The SERI MATS research sprint is about to start, and I'll be in Berkeley from January to at least February to work on this in person. Safe to say, I have way too many ideas for research projects, but I'm planning to focus on Toy Models of Superposition.

Distillation

  • I'm working on an introduction to SLT that should be out soon.
  • The video I'm working on with Hoog on AI risk is a little delayed because OpenPhil funding was paused (and I'm a little overextended but don't want to admit it), but it is coming along.
  • Next to all that, I've started working on an online, interactive AI safety textbook (very much a work in progress, more coming soon)4.

Textbooks

  • Mathematics for Machine Learnings: Done. Great book. Highly recommend.
  • Pattern Recognition and Machine Learning: Completed up through chapter 9. I have 5 chapters to go. Instead of trying to bang these out in the next month to meet my original deadline, I'm going to push back my deadline by two weeks, so I have more time during the research sprint.
  • Cracking the Coding Interview: 6 more chapters to go. Like PRML, I'm going to push back my original deadline 2 weeks to mid-January.4
  • Reinforcement Learning: I've already gone through 6/17 chapters ahead of schedule. I'm aiming to be done by April.
  • Artificial Intelligence: A Modern Approach: Here too, I'm 3 chapters in. Ahead of when I originally planned to get this started. This is a big book, so my (self-enforced) deadline is May 1st.

Outreach

  • I'm writing this on a plane to the EAGxBerkeley. Judging from EAGxRotterdam, EAGxBerkeley is going to be great (as long as they leave out the food poisoning part).
  • I've started laying out some feelers for a longer term project of establishing an AI-safety-oriented company in mainland Europe. There's a lot of early-career interest among very smart students. Give them a few years, and mainland Europe will be ripe for a new organization like 3 Resources/Rationalia/EA/Topics/Anthropic, Redwood, or Conjecture.

Conclusion

The next month is going to be hectic. I'll be in the Bay area for a week and a half, then my parents' place in NY state for a week, then Michigan at my girlfriend's fiancée's dad's, then NY for another week. Oh yeah, did I mention? I got engaged!5 On the day I publish this, it's our 5-year anniversary. Robin, I love you, and I can't wait to spend the rest of our lives together. (However long that is, doomer.)

Footnotes

  1. For me. I think it's safe to say the inconvenience for me is less than the inconvenience for people who lost their life savings.
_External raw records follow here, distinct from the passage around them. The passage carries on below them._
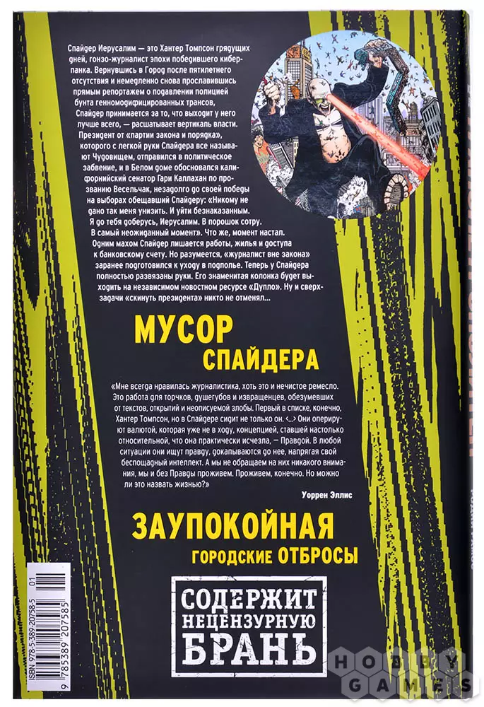 Спайдер Иерусалим – некогда известный гонзо-журналист – пресытился всем этим на всю жизнь. Выкупив одинокий дом на далёкой горе, он окружил жилище минным полем и твёрдо решил никогда больше не возвращаться в Город... Да вот только судьба решила иначе. А точнее, иначе решил его начальник, который спустя пять блаженных лет сообщил журналисту, что тот задолжал издательству аж две новые книги! Выбора нет: Спайдер вынужден вернуться в Город и с головой нырнуть в царящий там хаос, от которого неподготовленному просто снесёт крышу.
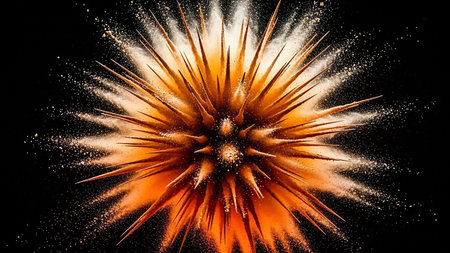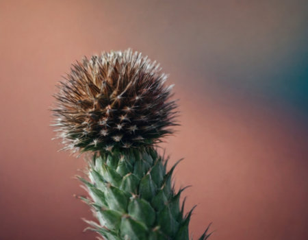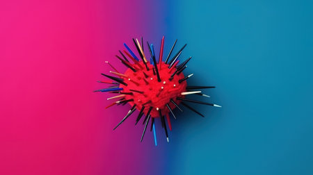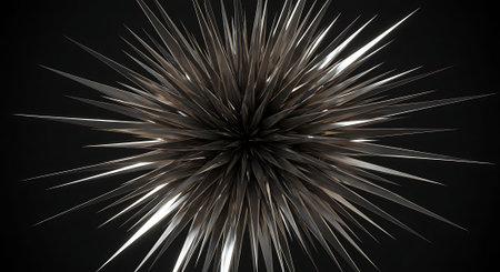 An artistic representation shows a metallic sphere covered in sharp, pointed protrusions. The object, rendered with a gradient effect, is set against a plain, neutral background, emphasizing its texture and form. This image is suitable for a variety of uses, including graphic design, educational materials, and conceptual art projects.
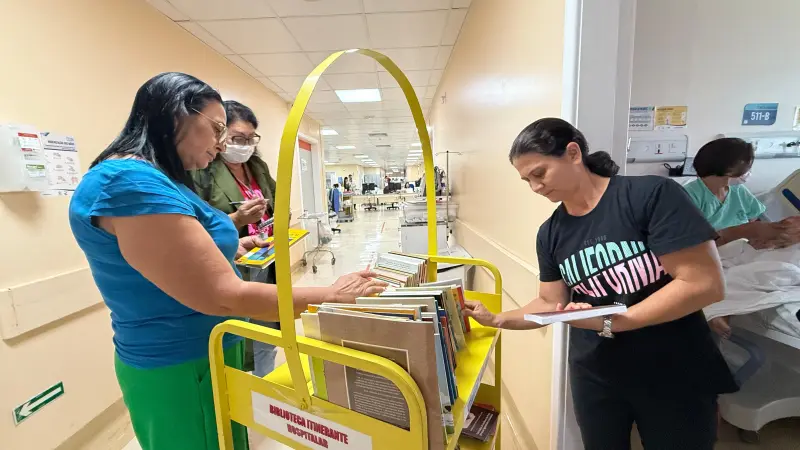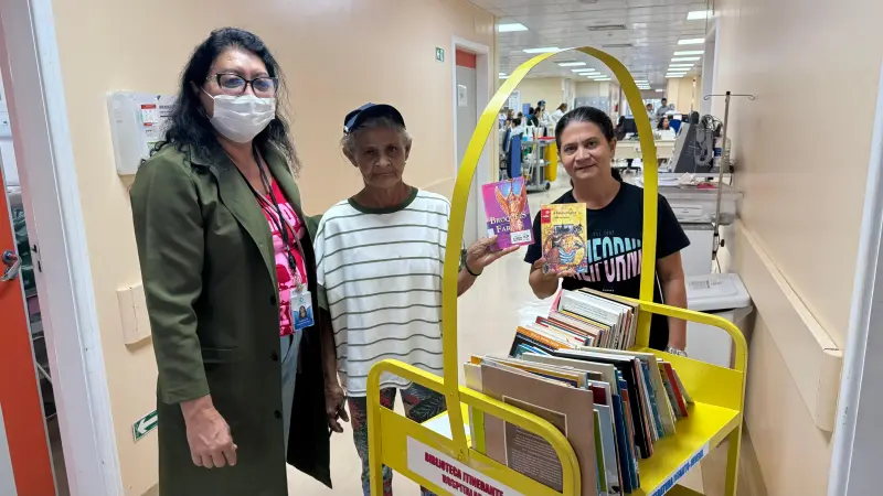 No Hospital de Clínicas Gaspar Vianna (HC), em Belém, a rotina de pacientes e acompanhantes ganhou um novo estímulo com a passagem da Biblioteca Itinerante Hospitalar pelos corredores da unidade. A iniciativa leva livros e revistas até quem está em tratamento ou acompanhando familiares, oferecendo momentos de leitura, distração e acolhimento em meio ao período de internação.
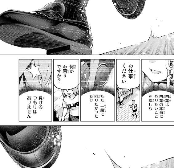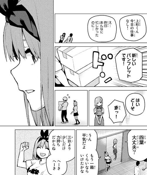 翌日の二日目、四葉は開場の三時間前から出てきてなんでもしますと、さらにお仕事を手伝おうとします。新しいパンフレットを運んだあと少し無理をしているような表情をする四葉ですが、三玖から大丈夫か心配されても、三玖より少しだけ力持ちだからね、へーき へーきと軽口で応えます。
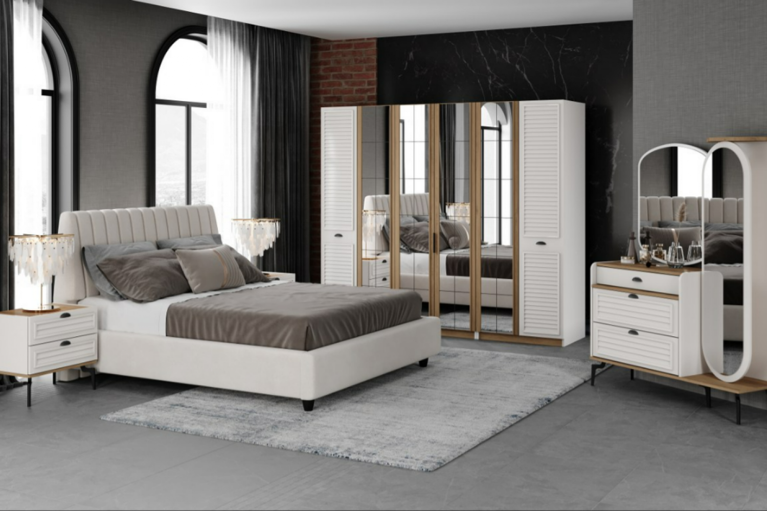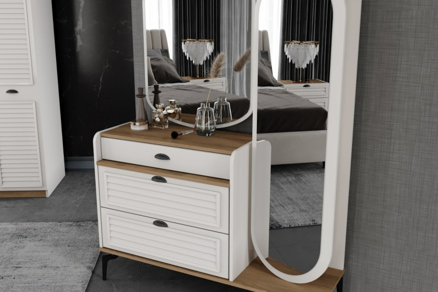 | TAKIM İÇERİĞİ | Bir gardırop, bir şifonyer ve aynası, bir bazalı karyola, bir başlık, bir puf , iki komodin den oluşmaktadır |
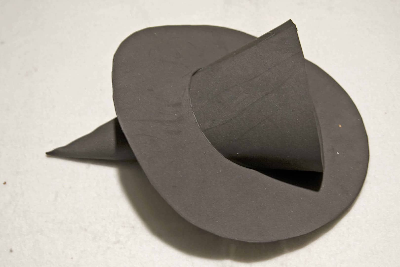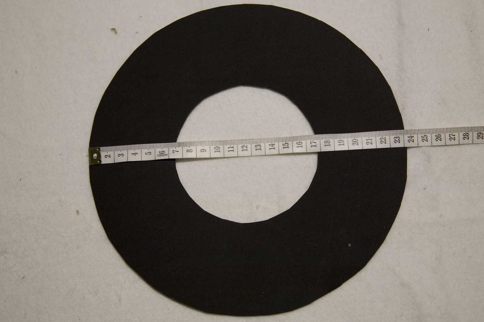 Para confeccionar el ala del gorro de bruja de la corona de Halloween recortamos un círculo en goma eva de color negro de 23 cm de diámetro. El ancho del ala es de 6,5 cm.
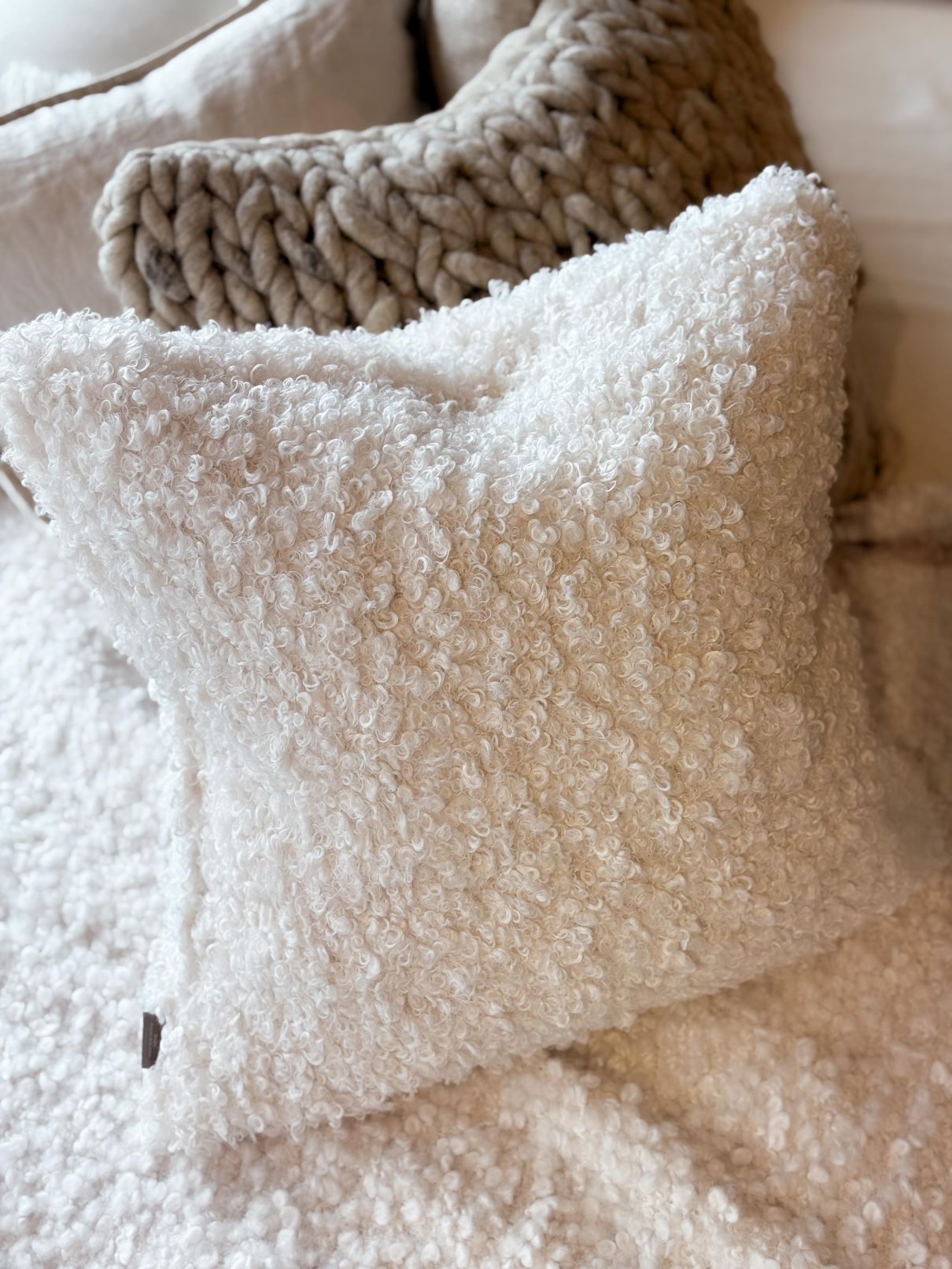 Vitt kuddfodral i vad som känns och ser ut som det mjukaste fårskinn, men är i själva verket vegansk. Den vita tonen är inte allt för kall, för att på så vis inge ge en naturlig känsla.
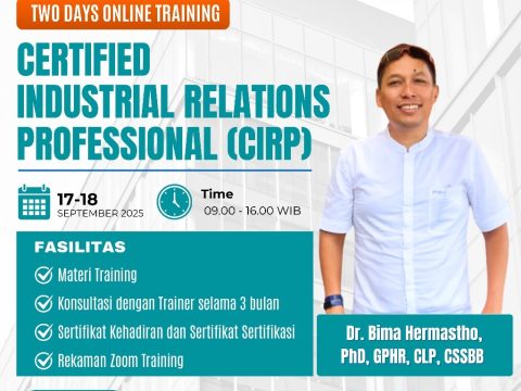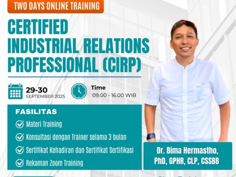 Two Days Workshop Online CERTIFIED INDUSTRIAL RELATIONS PROFESSIONAL (SERTIFIKASI PRAKTISI HUBUNGAN INDUSTRIAL) 29-30 September 2025, Via Aplikasi Zoom ================================================================================ MATERI BERDASARKAN YANG DIANJURKAN ILO, APINDO, DEPNAKER, […]
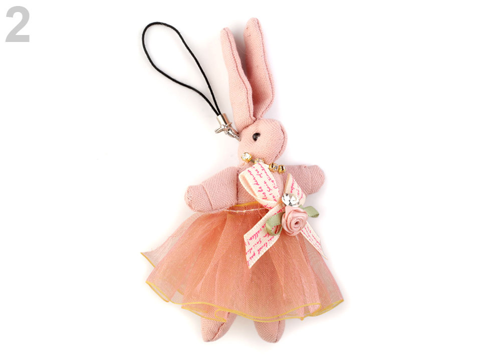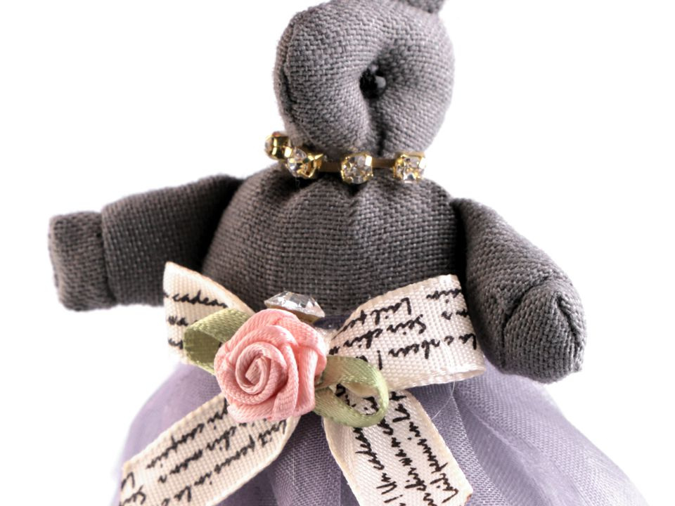 Zaječí slečna je ozdobená sukničkou s mašlí a růžičkou s broušeným kamínkem. Štrasové kamínky má i okolo krku. Je zavěšená na odepínacím poutku.

  2. My timelines aren't actually that short. But I'm not worried about eventually being able to pay this back (even very soon with the SERI MATS stipend).

  3. I've come to conclude that I can safely skip Intro to ML Safety for now. Much of the content overlaps with these other programs/textbooks.

  4. I'm probably a bit newer to the field than would be ideal for this task, so I'm hoping to migrate to a more editorial role, delegating the bits that I can. I think my main strength here is more a kind of Olahian interactive distillation. That's an ability which seems to be pretty rare among active researchers. 2

  5. I proposed with an Oura ring, which definitely says something about the kind of people we are. Now that I think about it, I should have probably asked for a sponsorship and gotten the whole wedding funded by a late-stage capitalism PR departments, but hey hindsight is 20/20.